## [ASSIGNED TASK]
Look through the data below for the line with "Münchener Kommentar zum" and the line with "ECOMUM aglomeração nos", then transcribe exactly from the first through the second, leaving out all pictures.

[Data excerpts]
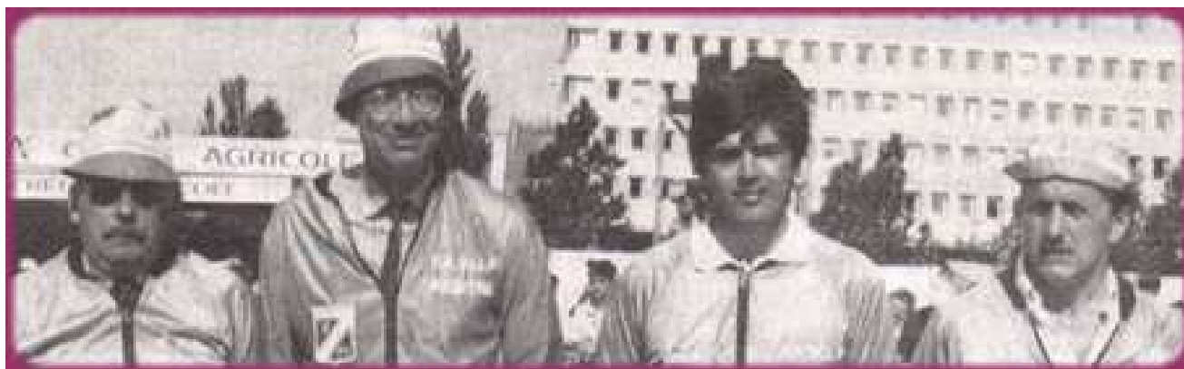
Le corps arbitral de ce Championnat corporatif à Rennes en 1988
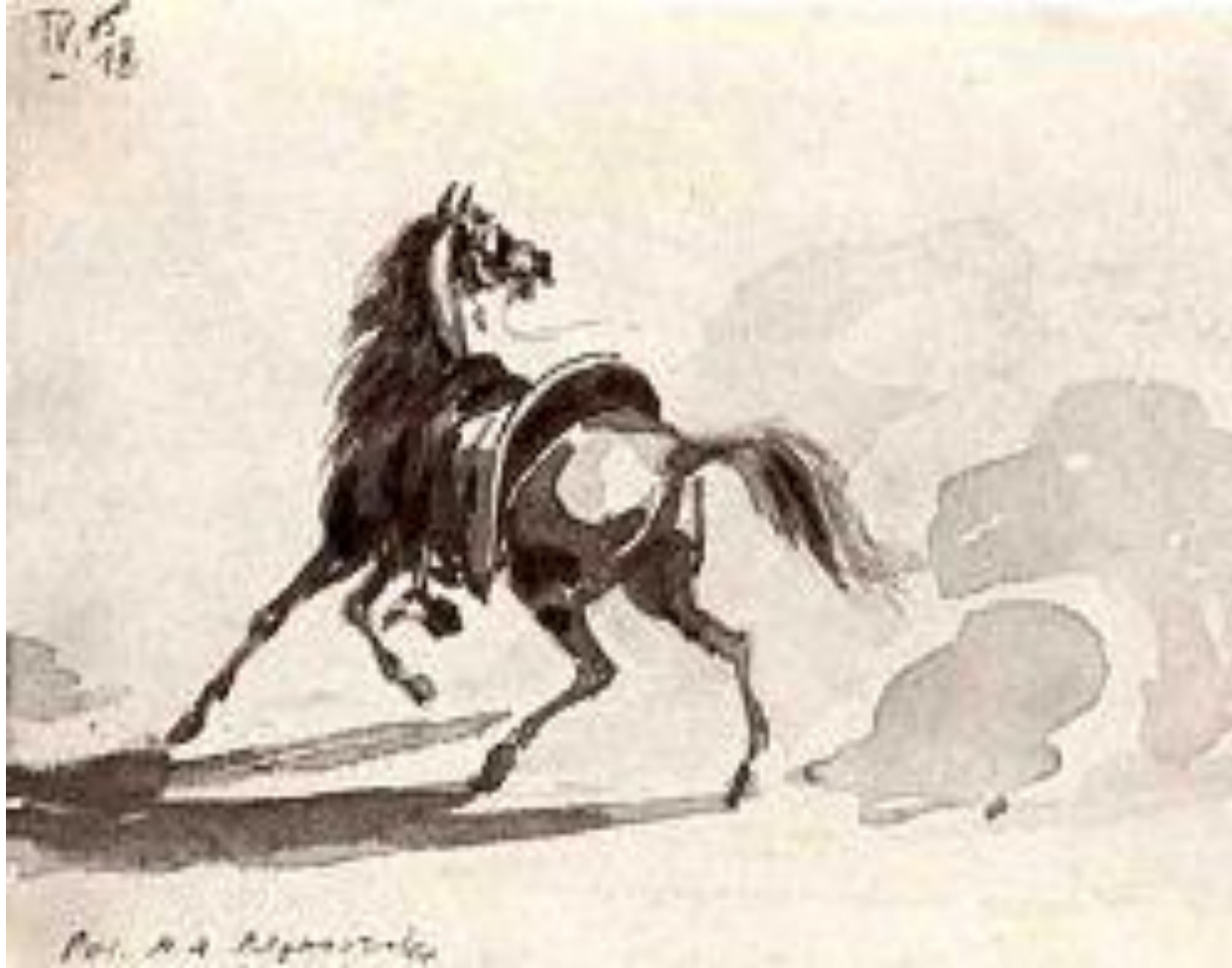
Рисунок Лермонтова М.Ю.

Он рисовал и писал картины маслом, легко решал сложные математические задачи. Был великолепно образован, начитан, слыл сильным шахматистом, владел несколькими иностранными языками.
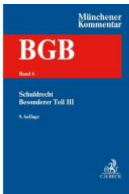
Münchener Kommentar zum Bürgerlichen Gesetzbuch Bd. 6: Schuldrecht - Besonderer Teil III §§ 631-704 Ladenpreis: 225,20EUR
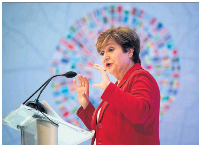
Kristalina Georgieva, directora gerente del FMI, ayer en Washington.

El discurso de la mujer llamada a pilotar el Fondo durante los
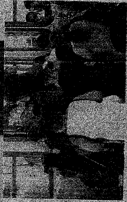
ECOMUM aglomeração nos terminais de ônibus de Fortaleza no horário de pico.

O retorno de 200 ônibus na frota de transporte urbano de Fortaleza, que havia sido encerrado na semana passada após dois meses desde a implantação da medida, foi prorrogado por mais um dia. Assim como na fase anterior, novamente os coletivos extras vão circular apenas nos horários de pico que vão de 6h às 9h e de 17h às 19h.
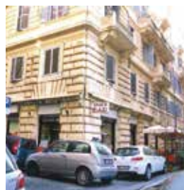
▲ローマ市内は高層ビルはなく、1、2階が飲食店、3階以上はほとんどがホテル

ティモンゴレー、スパゲッティポロネーズなど、日本の食堂で出てくるメニューと全く同じで、本場のスパゲッティを食べねばとそれを注文すると、違うところがチーズがやたらとかかっていること。実は私はチーズが苦手なので初めは少々避けたのですが、こればかりはどうにもならず、チーズの香りが体に染みついて帰ってきました。そうイタリアはワインの名所、ワインも色々と味わってきました。
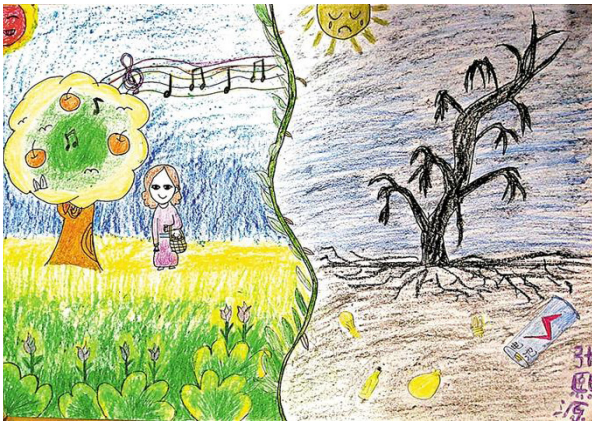
佳沃鑫荣懋员工孩子画的关于土地污染的作品

据透露，“爱我沃土，善源行动”行动将在佳沃鑫荣懋集团长期延续下去，作为对环境保护、对建设美丽中国
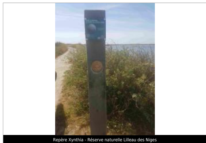
Repère Xynthia - Réserve naturelle Lilleau des Niges

GÉNÉRAL Code : WEB_R_201803302401 Date de mise à jour : 06/06/2018 Auteur : Communauté de Communes Ile de Re
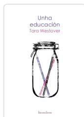
UNHA EDUCACION TARA WESTOVER
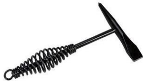
Gambar 3. Palu Las

Tang berfungsi untuk memegang benda panas setelah hasil pengelasan
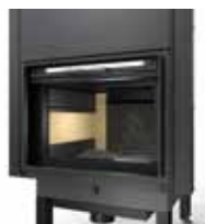
Apertura a scomparsa verticale per il caricamento della legna
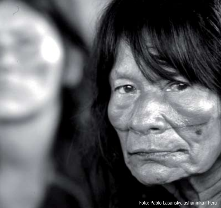
asháninka i Peru
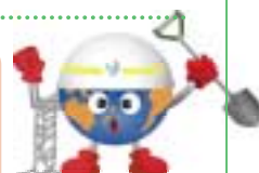
「土木」イメージキャラクター ドボッコ

兵庫県内の一般国道9号では、12月から3月までの期間を雪害対策実施として、円滑な道路交通を確保するため、迅速かつ適切な除雪活動を行います。
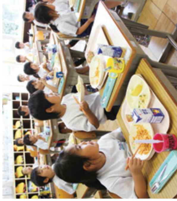
楽しみながら給食の時間
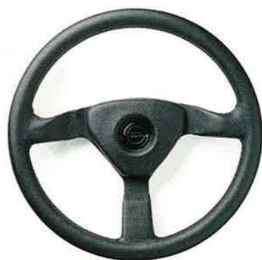
Drei-Speichen-Lederlenkrad , 17 45 508, hochwertiger, besonders griffiger Echtlederbezug. Zur Montage ist der Pralltopf (Adapter), 17 45 541, erforderlich.

Die Telefonkonsole , 17 88 086, integriert sich harmonisch in das Interieur des Vectra. Die griffgerechte Platzierung sowie blendfreie Ablesbarkeit des Telefon-Displays garantieren optimale Sicherheit und ergonomischen Komfort. In ledergearbter Kunststoffausführung. Schnelle, problemlose Montage.
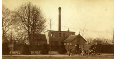
Schoorsteen wasbeetsfabriek 1910

namelijk het maken van porseleinen (Delftsblauwe) tegels. Voor het bakken had hij een flinke oven nodig en daar hoorde de schoorsteen bij. Die moest hoog zijn, want er kwam rook uit de oven die tot 1200 graden opgestookt werd. Het bleef trouwens vooral bij een hobby, want het is Mensing nooit gelukt om het echte porselein te maken.
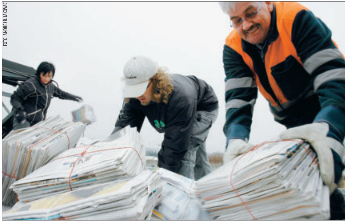
KNOCHENARBEIT. Ende Februar sammelte der FC Frauenfeld mit fast 80 Personen und 18 Fahrzeugen rund 200 Tonnen Altpapier.

In Frauenfeld sammeln zehn Jugendorganisationen an zehn Samstagen im Jahr rund 1700
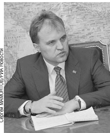
Евгений Шевчук несколько лет возглавлял Приднестровье.

- Большинство граждан всегда выступали против вывода российских миротворцев. Российские войска - в зоне разделения между вооруженными силами Молдавии и Приднестровья они являются сдерживающим фактором. Чтобы противоречия в экономической и политической плоскости не перетекали в агрессивную форму.
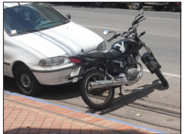
Motocicleta estacionada em lugar destinado para carros

Outro fato que repercutiu nas redes sociais essa semana foi a publicação de uma foto postada por um morador do Bairro Moínhos D'Água. A foto mostra o veículo do Departamento de Trânsito de Lajeado estacionado em um local irregular, destinado à entrada e saída de cadeirantes. Para termos um trânsito consciente e mais educado é importante cada um fazer a sua parte, denunciando e fiscalizando uns aos outros.
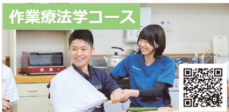
作業療法学コース

理学療法学コースでは、運動療法や物理療法で使用する各種機器の説明や装具や杖などの使い方についてデモンストレーションを行っています。さらに、本演習で検討する症例について、評価結果の解釈や介助の仕方なども実技を交えて説明しています。
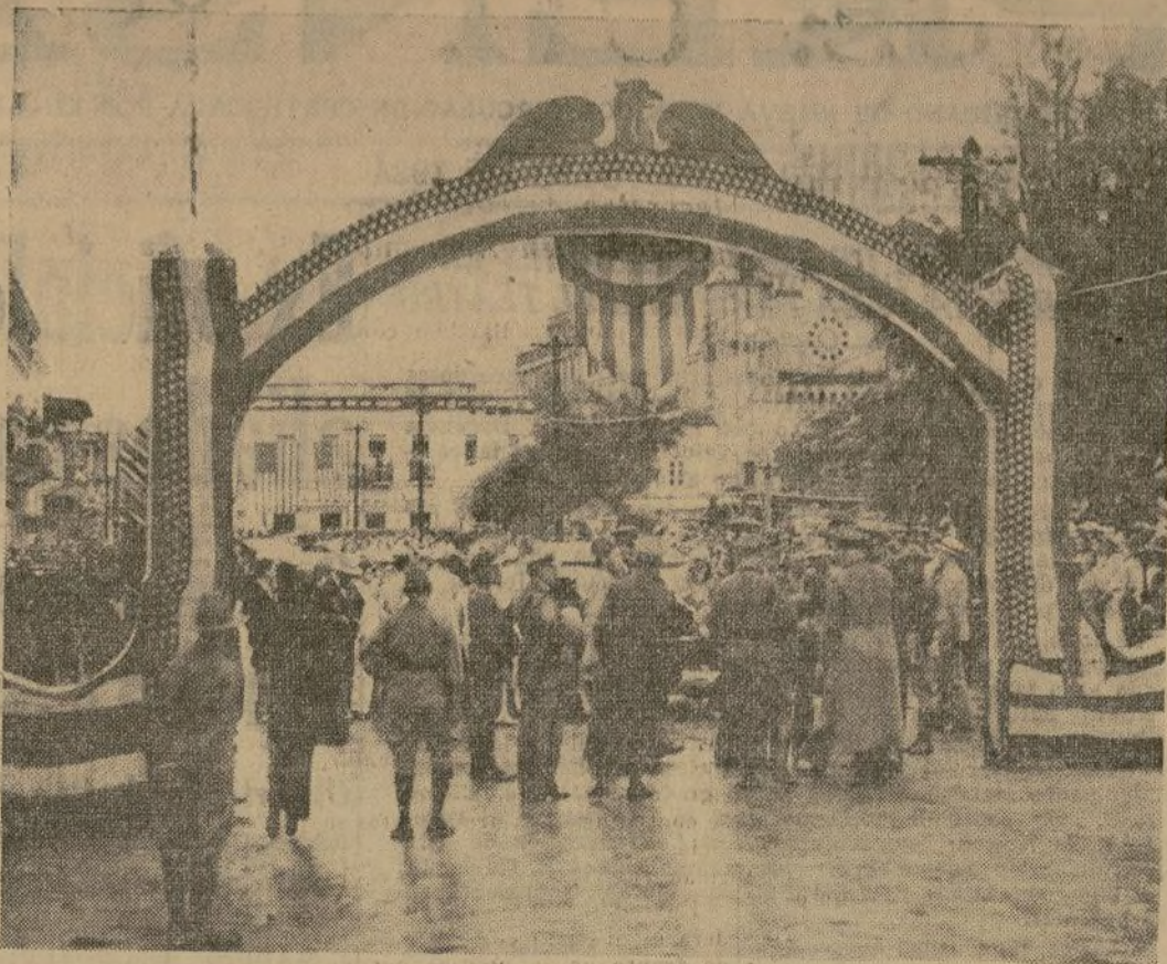
Arco construido en honor del presidente de los Estados Unidos en Caguas, una de las más bellas ciudades de Puerto Rico, a donde llegó el ejecutivo en su viaje a través de la isla.
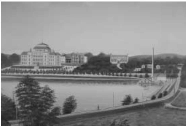
1. Växjö läroverk (t.v.) och Smålands museum (i mitten), färdigställda 1889 respektive 1885. Läroverket revs på 1960-talet för att ge plats för lasarettets utbyggnad. Smålands museum har byggts till i olika omgångar, senast 1996. Oljemålning från 1900-talets början. Okänd konstnär. Smålands museums samlingar.

Den 6 juni 1798 mottog ”Wexiö Kongl. Gymnasii Myntkabinett” en
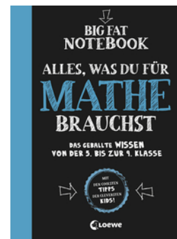
Big Fat Notebook - Alles, was du für Mathe brauchst - Das geballte Wissen von der 5. bis zur 9. Klasse
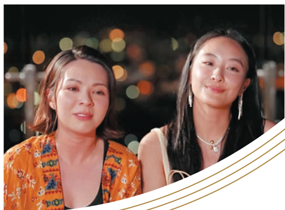
◆JW與陳滢說到傷心處忍不住淚崩。

首站行程，三人去到新南威爾士中央海岸體驗原住民文化，之後齊齊換上釣魚褲站在海中大嘆海鮮餐，振朗開蠔殼的動作相當專業，他自爆：「我以前曾經離酒店做開蠔。」令人意想不到。
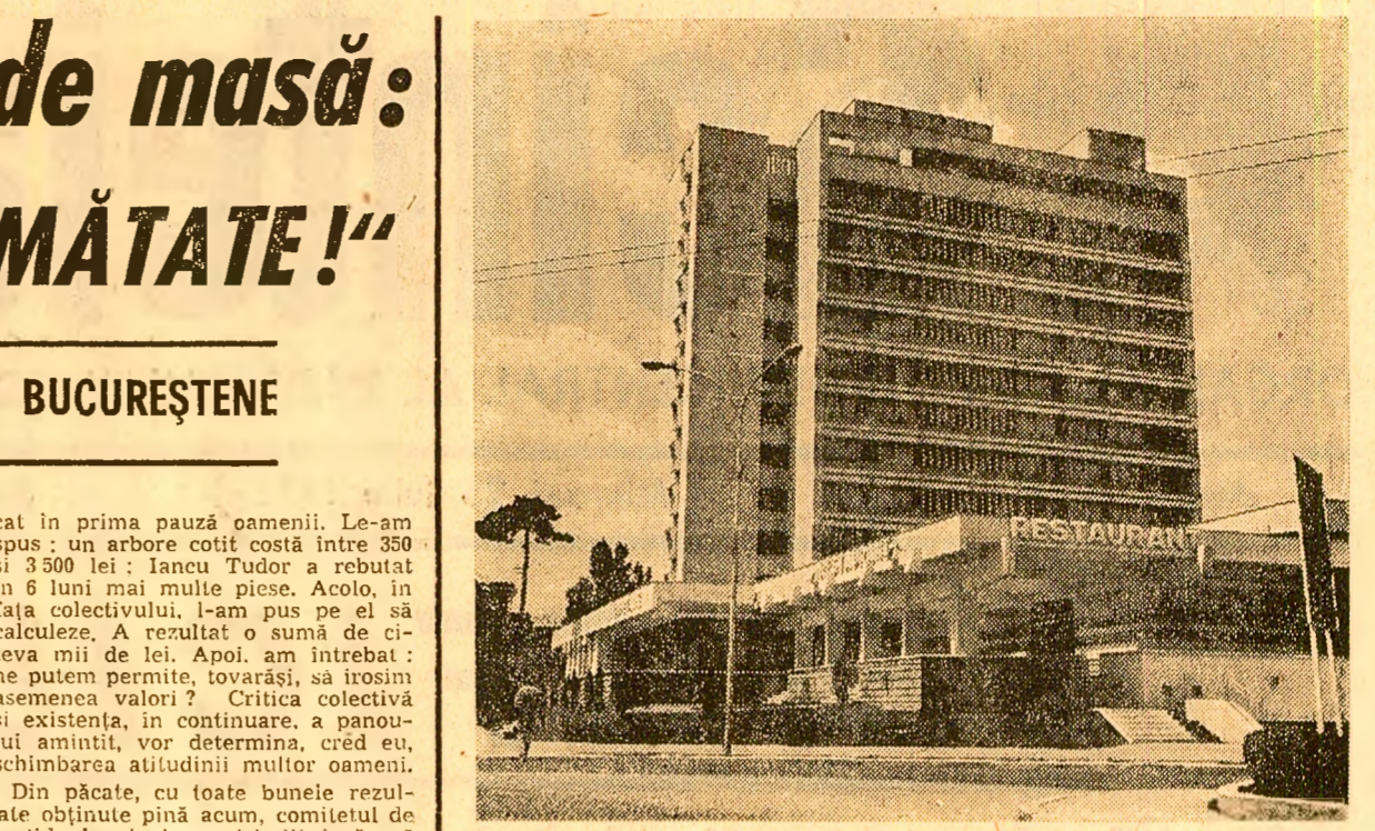
Un hotel nou în Ploiești nu putea să fie bolezat altfel decît... „Prahova”

## [TASK RESULT]
Münchener Kommentar zum Bürgerlichen Gesetzbuch Bd. 6: Schuldrecht - Besonderer Teil III §§ 631-704 Ladenpreis: 225,20EUR
Kristalina Georgieva, directora gerente del FMI, ayer en Washington.

El discurso de la mujer llamada a pilotar el Fondo durante los
ECOMUM aglomeração nos terminais de ônibus de Fortaleza no horário de pico.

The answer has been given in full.